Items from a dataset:
*** Block opens ***

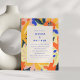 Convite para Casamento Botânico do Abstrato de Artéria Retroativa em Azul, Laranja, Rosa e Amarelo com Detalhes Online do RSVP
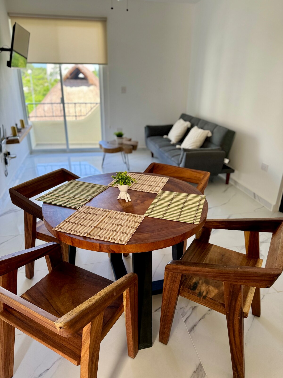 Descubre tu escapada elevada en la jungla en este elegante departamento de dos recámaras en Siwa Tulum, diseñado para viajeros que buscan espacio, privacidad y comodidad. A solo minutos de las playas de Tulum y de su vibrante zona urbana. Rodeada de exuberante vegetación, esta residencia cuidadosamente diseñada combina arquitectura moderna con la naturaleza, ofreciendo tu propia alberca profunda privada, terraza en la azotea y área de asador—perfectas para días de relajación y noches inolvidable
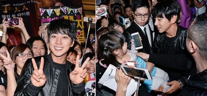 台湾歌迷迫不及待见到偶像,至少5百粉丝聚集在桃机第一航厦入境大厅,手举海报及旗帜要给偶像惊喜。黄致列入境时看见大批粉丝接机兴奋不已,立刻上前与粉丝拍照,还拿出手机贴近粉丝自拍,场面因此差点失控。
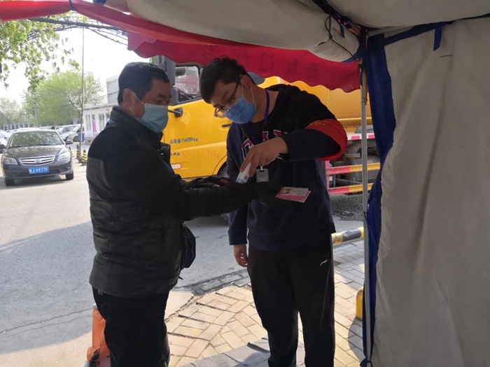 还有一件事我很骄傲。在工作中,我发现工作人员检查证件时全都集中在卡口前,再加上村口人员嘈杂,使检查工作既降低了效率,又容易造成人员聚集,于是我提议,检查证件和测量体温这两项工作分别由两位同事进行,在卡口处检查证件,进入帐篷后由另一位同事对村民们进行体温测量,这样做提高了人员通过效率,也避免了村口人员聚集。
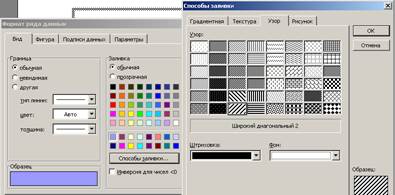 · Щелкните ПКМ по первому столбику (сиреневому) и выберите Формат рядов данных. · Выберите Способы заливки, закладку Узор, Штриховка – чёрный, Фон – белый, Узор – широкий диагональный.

*** Block closes ***

**About this exercise**
Only the lines from the one containing "还有一件事我很骄傲。在工作中" through the final line of the records should be transcribed, exactly and with no pictures.

**Expected answer**
 还有一件事我很骄傲。在工作中,我发现工作人员检查证件时全都集中在卡口前,再加上村口人员嘈杂,使检查工作既降低了效率,又容易造成人员聚集,于是我提议,检查证件和测量体温这两项工作分别由两位同事进行,在卡口处检查证件,进入帐篷后由另一位同事对村民们进行体温测量,这样做提高了人员通过效率,也避免了村口人员聚集。
 · Щелкните ПКМ по первому столбику (сиреневому) и выберите Формат рядов данных. · Выберите Способы заливки, закладку Узор, Штриховка – чёрный, Фон – белый, Узор – широкий диагональный.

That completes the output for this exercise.